| The records |
====================
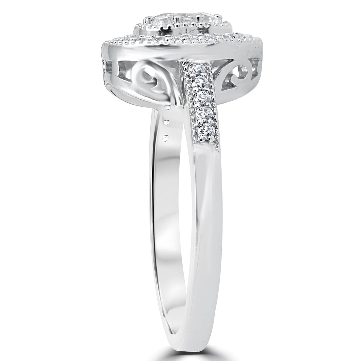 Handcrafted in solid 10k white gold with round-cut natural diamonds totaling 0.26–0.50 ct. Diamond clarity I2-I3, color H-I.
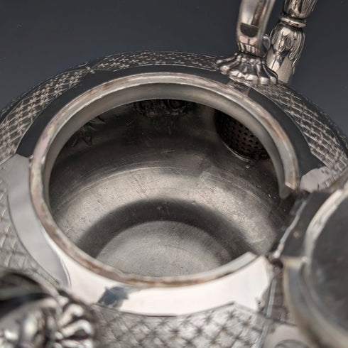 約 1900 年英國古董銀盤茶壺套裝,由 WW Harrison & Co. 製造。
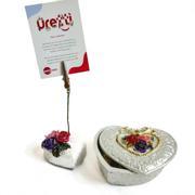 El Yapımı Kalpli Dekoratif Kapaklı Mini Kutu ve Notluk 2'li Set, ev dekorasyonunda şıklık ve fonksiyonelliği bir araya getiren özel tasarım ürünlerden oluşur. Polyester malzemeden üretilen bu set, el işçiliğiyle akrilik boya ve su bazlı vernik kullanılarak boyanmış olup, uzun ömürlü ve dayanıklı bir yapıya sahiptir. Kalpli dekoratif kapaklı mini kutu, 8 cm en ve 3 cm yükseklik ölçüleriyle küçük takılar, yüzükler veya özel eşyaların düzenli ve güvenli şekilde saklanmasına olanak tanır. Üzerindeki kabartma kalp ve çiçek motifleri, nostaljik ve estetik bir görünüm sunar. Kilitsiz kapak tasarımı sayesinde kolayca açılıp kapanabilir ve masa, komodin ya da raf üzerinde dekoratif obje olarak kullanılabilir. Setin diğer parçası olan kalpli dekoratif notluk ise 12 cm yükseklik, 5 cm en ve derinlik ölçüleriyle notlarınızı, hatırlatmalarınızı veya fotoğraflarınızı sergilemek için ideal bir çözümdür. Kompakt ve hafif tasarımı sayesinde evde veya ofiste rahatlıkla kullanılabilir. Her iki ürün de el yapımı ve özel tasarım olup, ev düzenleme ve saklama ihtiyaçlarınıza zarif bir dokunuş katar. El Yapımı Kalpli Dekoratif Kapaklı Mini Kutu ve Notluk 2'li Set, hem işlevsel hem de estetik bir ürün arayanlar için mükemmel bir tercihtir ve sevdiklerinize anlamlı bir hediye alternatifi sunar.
====================
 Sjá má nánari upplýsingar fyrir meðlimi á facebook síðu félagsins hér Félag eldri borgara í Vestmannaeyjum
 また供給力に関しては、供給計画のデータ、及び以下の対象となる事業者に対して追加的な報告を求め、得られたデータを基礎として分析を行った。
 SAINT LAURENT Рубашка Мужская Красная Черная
====================
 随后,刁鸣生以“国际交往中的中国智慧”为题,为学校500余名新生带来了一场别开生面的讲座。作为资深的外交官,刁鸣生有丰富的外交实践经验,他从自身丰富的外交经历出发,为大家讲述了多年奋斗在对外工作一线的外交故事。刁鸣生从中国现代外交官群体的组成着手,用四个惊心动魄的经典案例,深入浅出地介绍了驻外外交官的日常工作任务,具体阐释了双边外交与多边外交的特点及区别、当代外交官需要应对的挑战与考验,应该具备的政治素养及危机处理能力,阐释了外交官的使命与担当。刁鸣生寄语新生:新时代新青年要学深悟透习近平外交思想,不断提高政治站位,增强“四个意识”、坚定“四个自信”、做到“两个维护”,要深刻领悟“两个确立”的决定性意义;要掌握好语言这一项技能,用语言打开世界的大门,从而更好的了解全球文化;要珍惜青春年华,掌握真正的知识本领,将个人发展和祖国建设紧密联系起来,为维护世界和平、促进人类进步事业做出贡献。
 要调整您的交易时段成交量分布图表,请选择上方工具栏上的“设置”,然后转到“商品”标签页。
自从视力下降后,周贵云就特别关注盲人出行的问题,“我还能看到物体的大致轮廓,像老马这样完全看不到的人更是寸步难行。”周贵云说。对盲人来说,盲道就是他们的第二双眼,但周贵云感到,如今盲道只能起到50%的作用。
====================
| Work to complete |
Out of the listing above, reproduce exactly the lines from the one with "Sjá má nánari" up to and including the one with "SAINT LAURENT Рубашка Мужская Красная Черная".

| Answer to this task |
 Sjá má nánari upplýsingar fyrir meðlimi á facebook síðu félagsins hér Félag eldri borgara í Vestmannaeyjum
 また供給力に関しては、供給計画のデータ、及び以下の対象となる事業者に対して追加的な報告を求め、得られたデータを基礎として分析を行った。
 SAINT LAURENT Рубашка Мужская Красная Черная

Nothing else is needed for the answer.